Donald Trump returned to a familiar refrain on Thursday, insisting once again that he had done nothing wrong even as new challenges pop up seemingly every day for the ex-president who faces a bevy of criminal and civil investigations.
Mr Trump returned to Iowa for a town hall-styled event with his favoured cable network, Fox News, moderated by primetime opinion host Sean Hannity, who is now the Fox star probably closest to the former president given the firing of Tucker Carlson, the network’s previous star pundit.
And confronted with a new leaked recording indicating that Mr Trump knew that he was retaining classified materials after his presidential term ended, he once again insisted that he had done nothing wrong.
“News broke yesterday there might be a tape recording where you acknowledged that you understood that these were classified documents [at Mar-a-Lago],” the Fox News host began.
While asking also if the ex-president knew who had leaked the recording of the phone call, he questioned: “Do you know anything about this?”
“No, I don’t know anything about it,” Mr Trump responded. “All I know is this: everything I did was right. We have the Presidential Records Act, which I abided by 100 per cent.”
He then moved on to attack President Joe Biden, before claiming: “I have the right to declassify as president.”
The explanation was nothing new. Mr Trump has long claimed that any classified materials seized by investigators at Mar-a-Lago were in fact previously declassified by him during his presidency — though he has shown no evidence of an order to do so.
And notably, the nod to the Presidential Records Act was another mistruth. The law does not allow for ex-presidents to retain original copies of presidential records after their terms end without the express consent of the National Archives, an agency that the former president has roundly denounced.
Nonetheless, it was a familiar claim for the one-term president who escaped two impeachment proceedings despite bipartisan support for his removal; Mr Trump has long asserted that any investigation or civil suit filed against him is merely the work of his political foes in an attempt to block him from power.
It’s the same response he is currently utilising in response to two separate investigations into his efforts to overturn the 2020 election results — one at the Justice Department, and another in Fulton County, Georgia. In the first case, he has insisted that his actions leading up to and during the January 6 attack were nothing short of presidential, and denied any responsibility for inciting the riot or failing to address it.

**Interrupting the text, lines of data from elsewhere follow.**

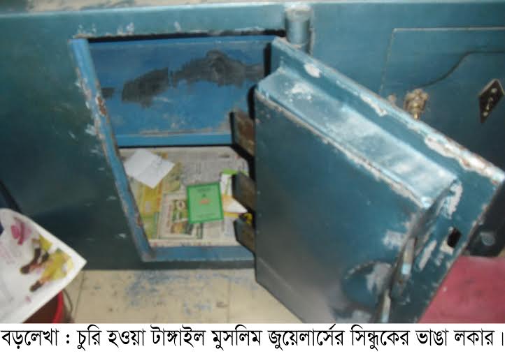 চুরি হওয়া দোকান মালিক ও থানা পুলিশ সুত্রে জানা গেছে, সোমবার দিবাগত রাতের যে কোন সময় পৌর শহরের হাজী মসুদ আলী ট্রেড সেন্টারের ন্যাশনাল বেডিং এন্ড ফোম সেন্টারের সাটারের তালা ভেঙে চুরেরা দোকানে প্রবেশ করে। পরে উভয় দোকানের মধ্যখানের দেওয়াল ভেঙে টাঙ্গাইল মুসলিম জুয়েলার্স প্রবেশ করে। চুরেরা টাঙ্গাইল মুসলিম জুয়েলার্সের সিন্ধুকের লকার ভেঙে স্বর্ণালঙ্কার ও নগদ টাকাসহ প্রায় ২৬ লক্ষ টাকার মালামাল ও ন্যাশনাল বেডিং এন্ড ফোম সেন্টার থেকে নগদ টাকা ও কাপড়সহ প্রায় ৪১ হাজার ৫’শত টাকার মালামাল চুরি করে নিয়ে যায়।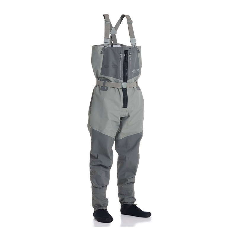 D-ringar, tillbehörsöglor och remmar både utanpå och inuti framfickorna gör det smidigt att fästa verktyg som peang, tafsklippare eller håvhållare. Inbyggda grusskydd håller sand och småsten borta från kängorna, och anatomiskt formade neoprensockor ger en bekväm passform även under långa fiskepass.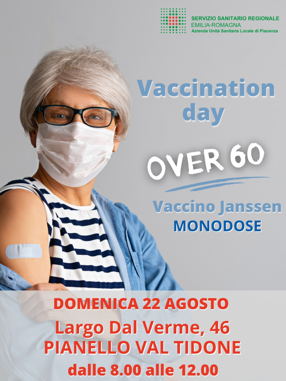 L’opportunità è riservata a chi ha già compiuto sessant’anni e ancora non ha ricevuto la dose di vaccino, che potrà approfittare della presenza di medici e infermieri per farsi somministrare il monodose Janssen di Johnson&Johnson.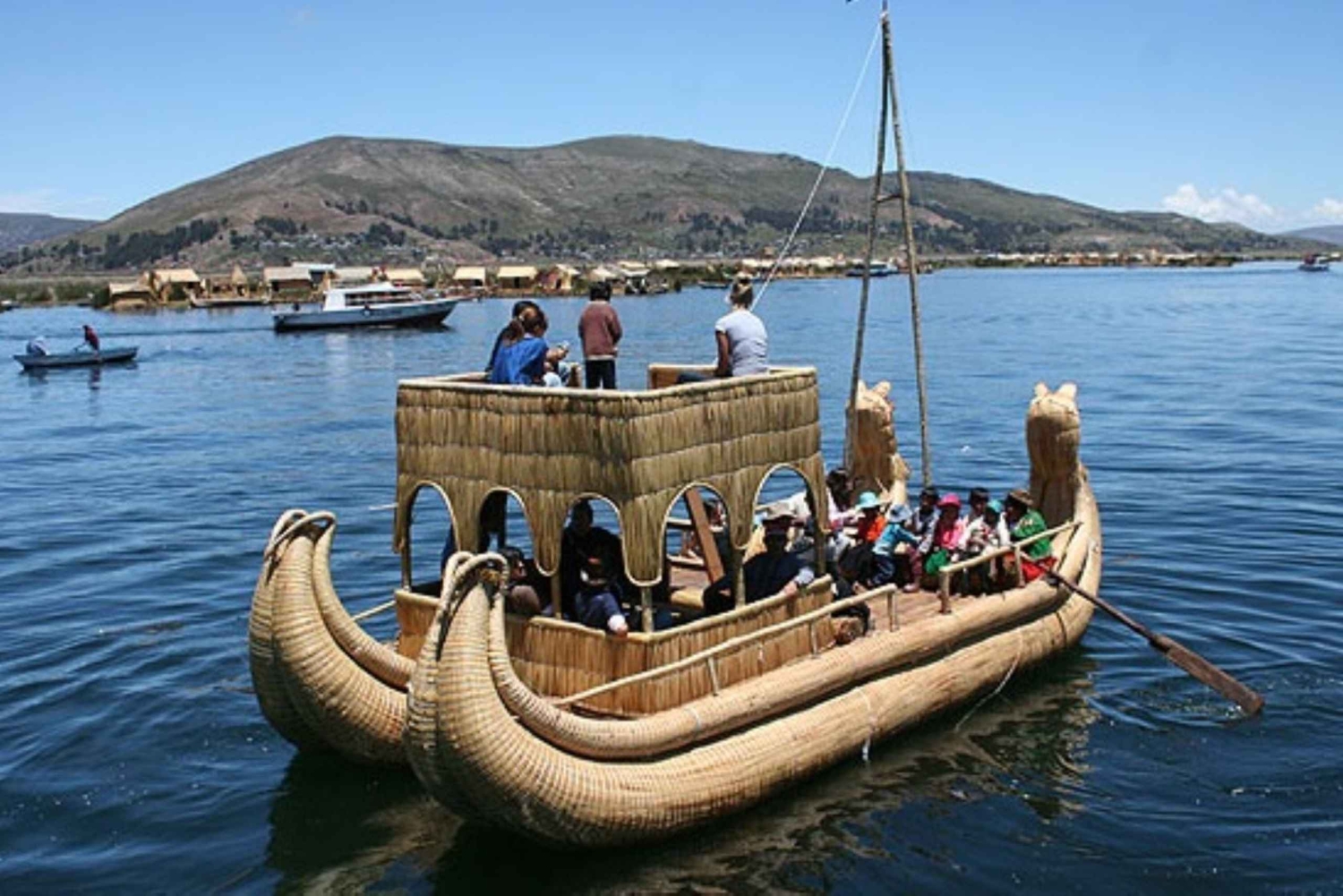 Rozpocznij dzień od odbioru z hotelu i transportu do portu w Puno. Wskocz na pokład łodzi i podziwiaj góry i miasteczka wzdłuż brzegów jeziora Titicaca podczas rejsu na wyspę Uros.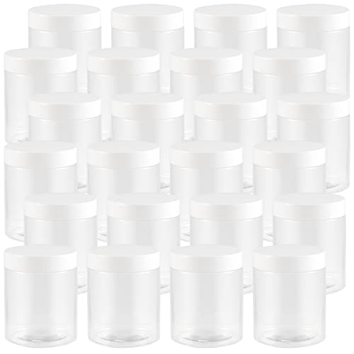 JEUIHAU Confezione da 24 barattoli in plastica trasparente da 250 ml, con coperchio, senza BPA, contenitori vuoti per slime, spezie, artigianato
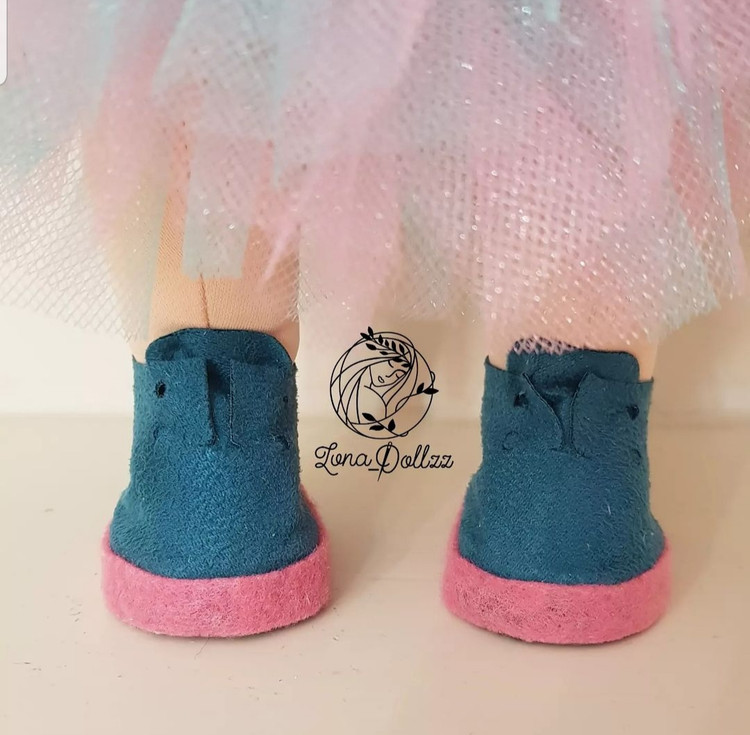کفش از اشبالت کله غازی پررنگ و نمد صورتی برای دور کفش ساخته شده است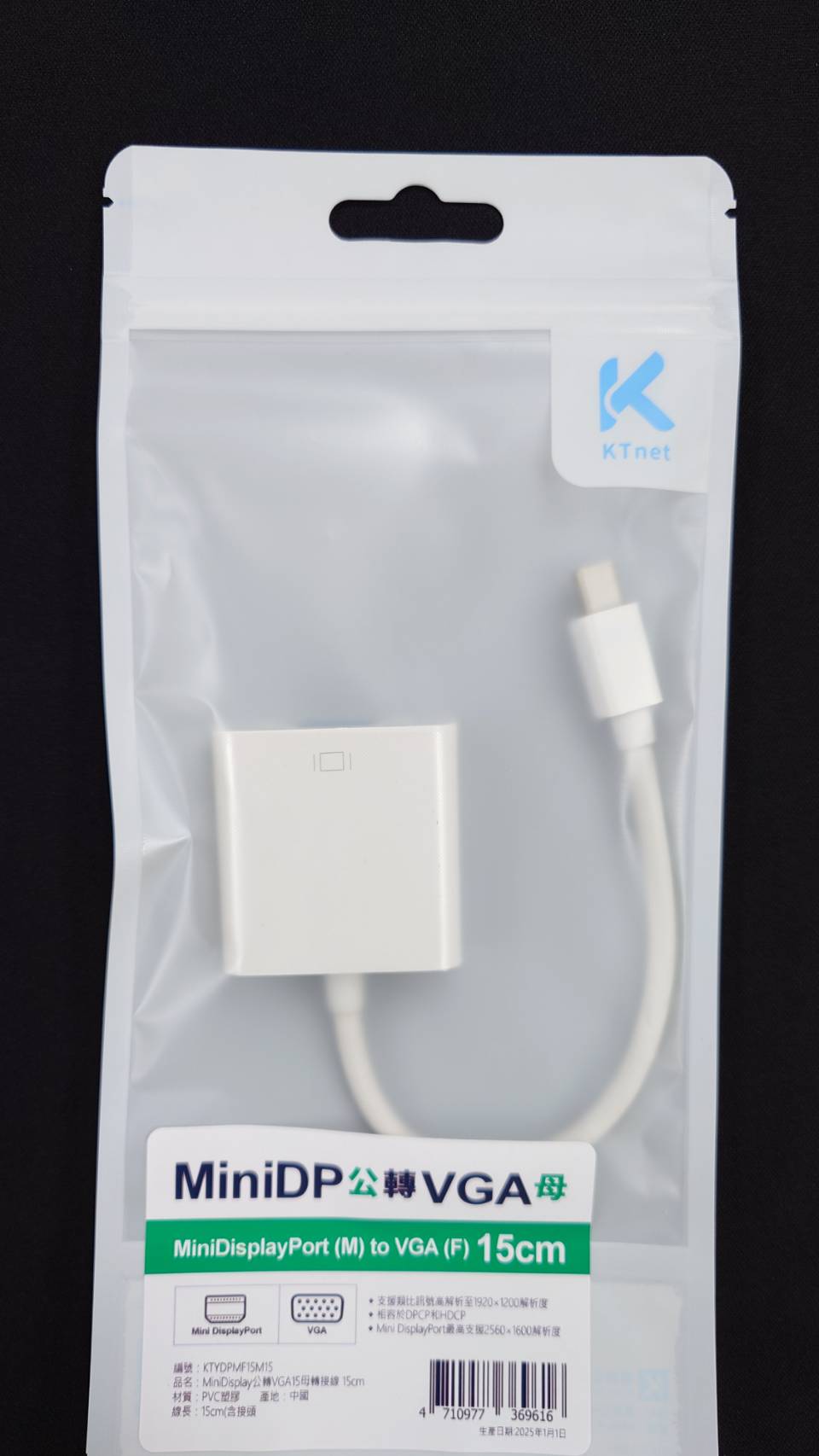 KTNET - mini DisplayPort(公) to VGA(母) adapter cable 轉接線-15cm

In the second, he has almost jokingly repeated the idea that a shocking early-January 2021 phone call between him, the top elections official in Georgia, and his legal team was “perfect” despite him being heard in an audio recording asking the official to “find” thousands of votes to close his gap with Joe Biden. That’s almost word-for-word the language he used to describe a conversation with Ukraine’s President Volodymyr Zelesnky that led to his first impeachment trial.
His defences to the various legal challenges that have cropped up since the end of his presidency have taken on a derisive tone as he faces a stunning and unprecedented array of criminal and civil cases. In the Republican Party, his dominance over the 2024 primary field has only grown in recent weeks following the first-ever criminal indictment of a former president in Manhattan on 34 charges of falsifying business records, and GOP voters are showing no signs of losing the enthusiasm for Mr Trump that led him to victory in the 2016 contest.
That may explain why his recent events, including Thursday’s town hall, have been virtual repeats of one another. On top of the Republican field with little reason to believe that his dominance will face a serious test any time soon, Mr Trump was content on Thursday to play the favourites that win him the unchanging support of his diehard fans — subjects like China, where the ex-president touted his protectionist trade strategy and bragged about supposedly winning back billions in trade revenue. Or abortion, where he took a familiar victory lap, claiming he “got rid of Roe v Wade”.
These were themes the president has previously touched on dozens of times — he even had a brief chance to rant about the 2020 election and his attorney general who declared his stolen election claims “bulls***”, complaining that Bill Barr “didn’t have the courage to fight” rather than acknowledging that his own deputy disagreed with him.
The performance was a sign of a candidate returning to what he knows best, surrounded by a reportedly thinning circle of aides who are getting out of the way and letting the former president be himself. Given his iron-like grip over the GOP primary base, the strategy may work while making a pivot to the centre harder next year.
In Iowa, Mr Trump will face the first test of that strategy as his main challenger, Ron DeSantis of Florida, goes all-in on a bid to unseat Mr Trump as the frontrunner before he ever hits his stride.